(WHAT NEEDS TO BE DONE)
The lines below must be transcribed exactly as given, with the images removed.

(DATASET EXCERPT)
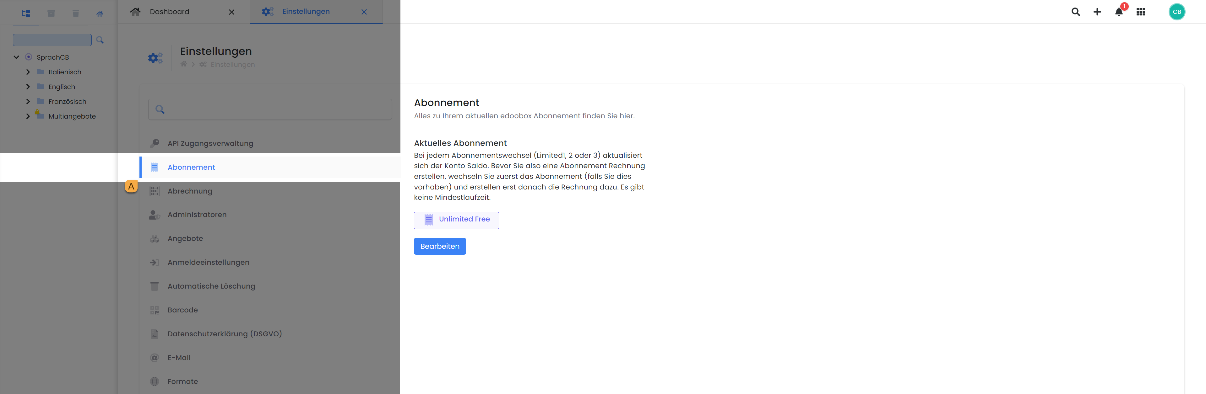 In den edoobox Einstellungen finden Sie Einzelheiten zur Abrechnung zwischen Ihnen und edoobox. Zudem finden Sie unter Abonnement die Übersicht Ihres aktuellen Abonnements und können dieses hier auch zu jederzeit wechseln. Unter Datenschutzerklärung (DSGVO) finden Sie die Möglichkeit diese online zu unterzeichnen.
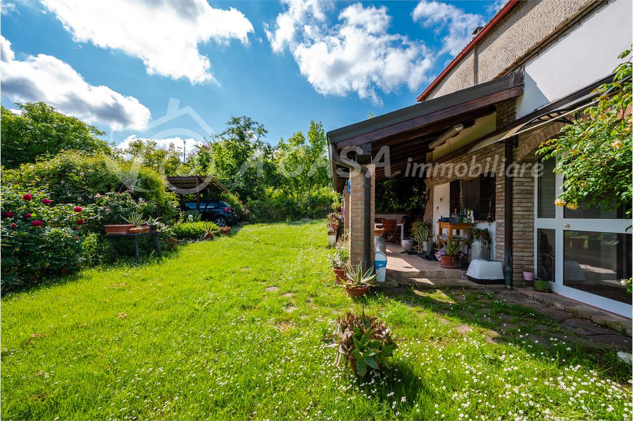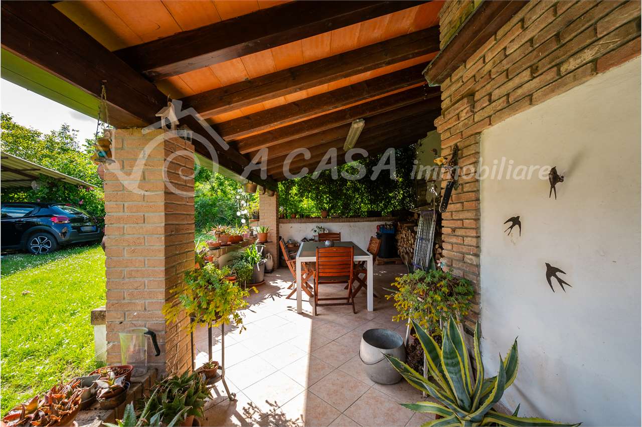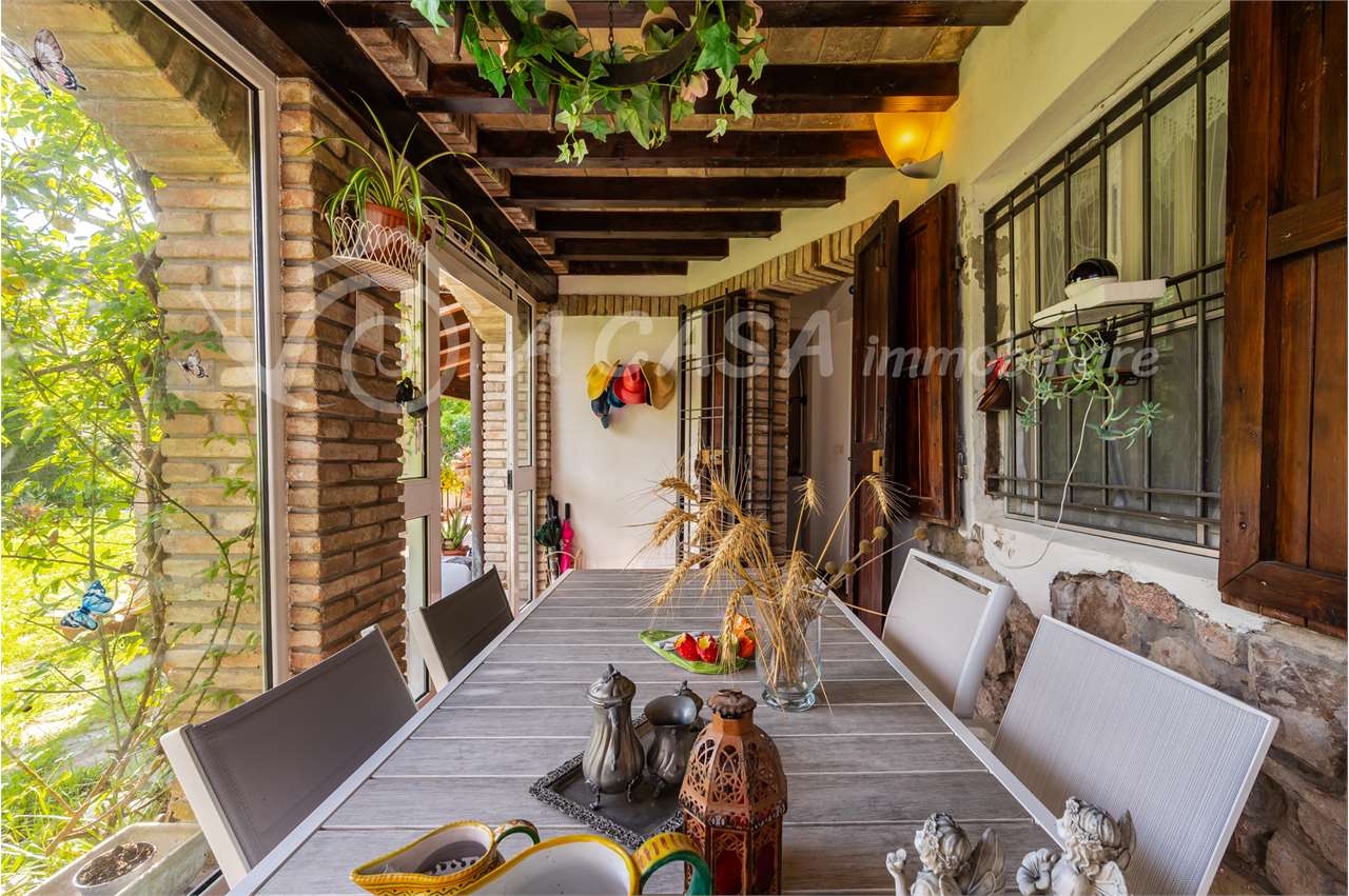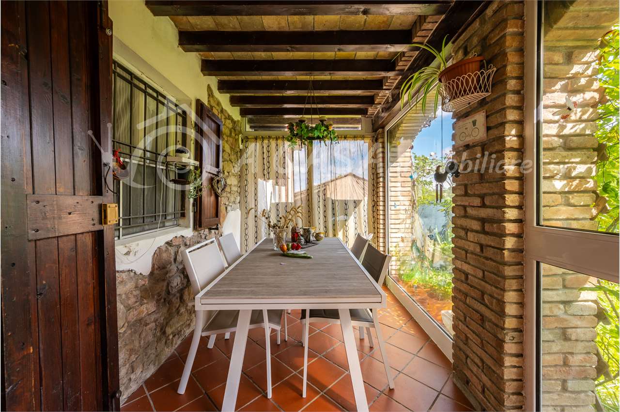 Ingresso dal giardino privato dove è affacciato un ampio portico, ingresso in ver... Vedi di più
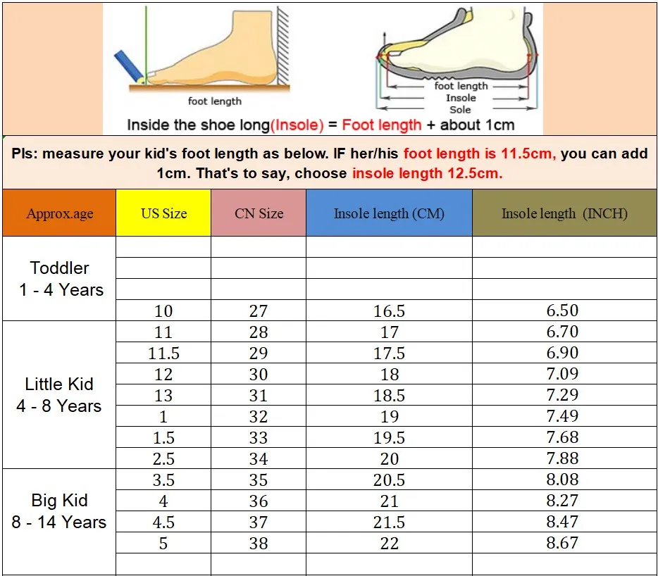 2..Что касается размера, Измерьте длину стопы ребенка в см или дюймах + 1 см или 0,03937 дюймаChВыберите соответствующий американский размер, спасибо.

(EXERCISE RESPONSE)
 In den edoobox Einstellungen finden Sie Einzelheiten zur Abrechnung zwischen Ihnen und edoobox. Zudem finden Sie unter Abonnement die Übersicht Ihres aktuellen Abonnements und können dieses hier auch zu jederzeit wechseln. Unter Datenschutzerklärung (DSGVO) finden Sie die Möglichkeit diese online zu unterzeichnen.
 Ingresso dal giardino privato dove è affacciato un ampio portico, ingresso in ver... Vedi di più
 2..Что касается размера, Измерьте длину стопы ребенка в см или дюймах + 1 см или 0,03937 дюймаChВыберите соответствующий американский размер, спасибо.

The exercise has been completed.